*PROBLEM TO SOLVE*: Without the pictures, set down everything in the listing exactly.
══ EXERCISE DATA
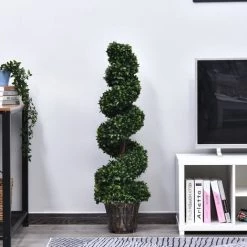 Outsunny Buis Artificiel Topiaire Artificielle En Forme De Spirale Dim. Ø 32 X 120H Cm Vert – Vert
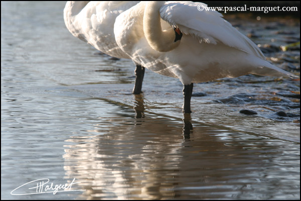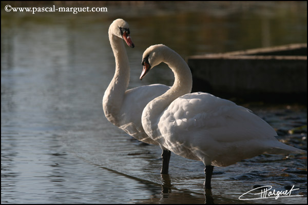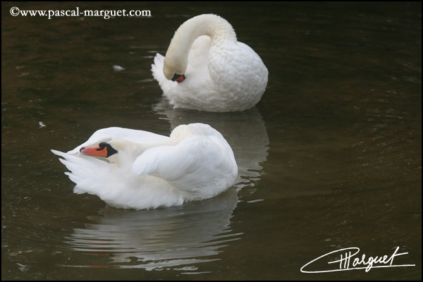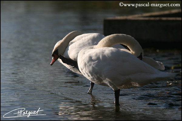 Couple de Cygne tuberculé à sa toilette
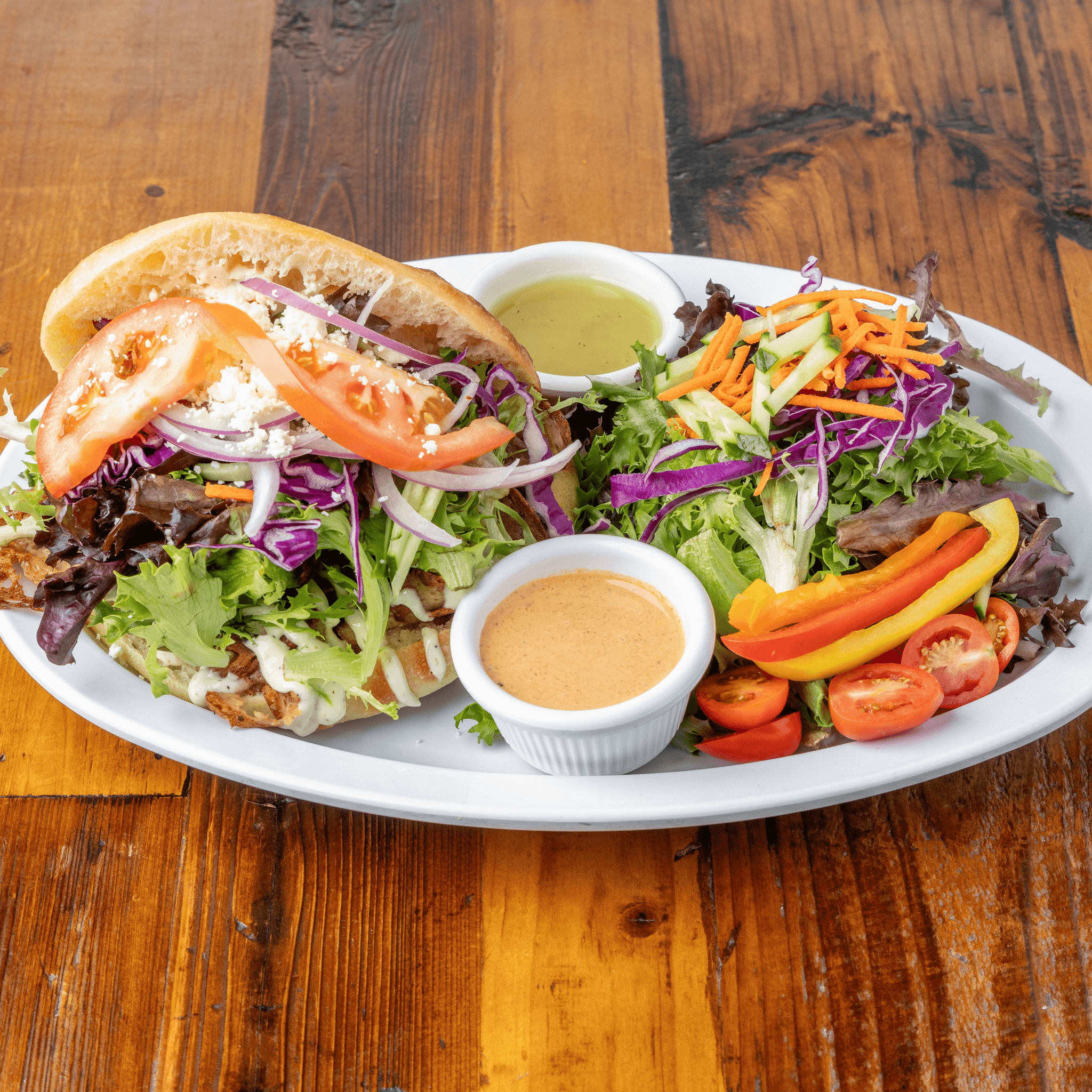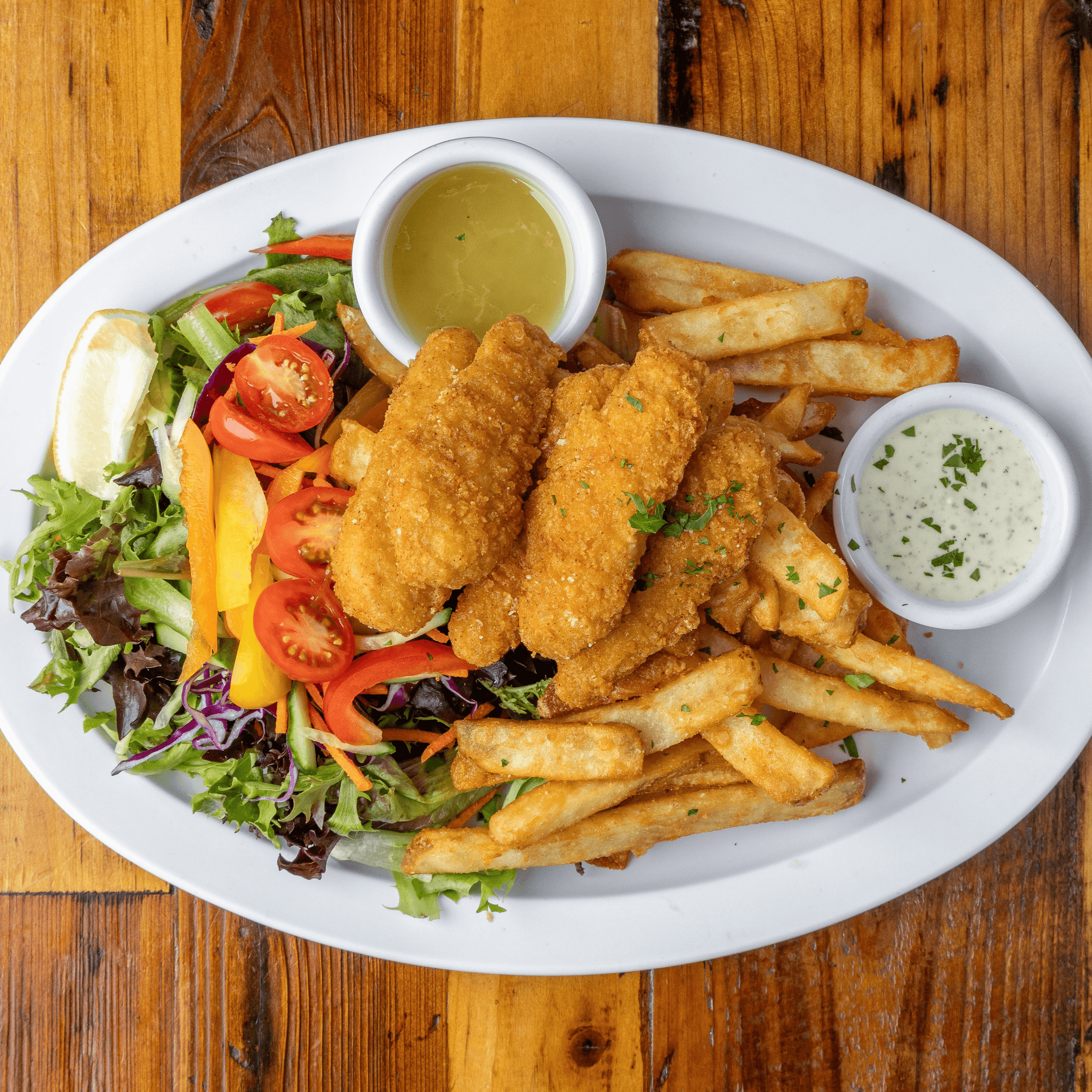 Served with green salad, Pommes frites, and house-made vegan ranch
════
*COMPLETED TASK*:
 Outsunny Buis Artificiel Topiaire Artificielle En Forme De Spirale Dim. Ø 32 X 120H Cm Vert – Vert
 Couple de Cygne tuberculé à sa toilette
 Served with green salad, Pommes frites, and house-made vegan ranch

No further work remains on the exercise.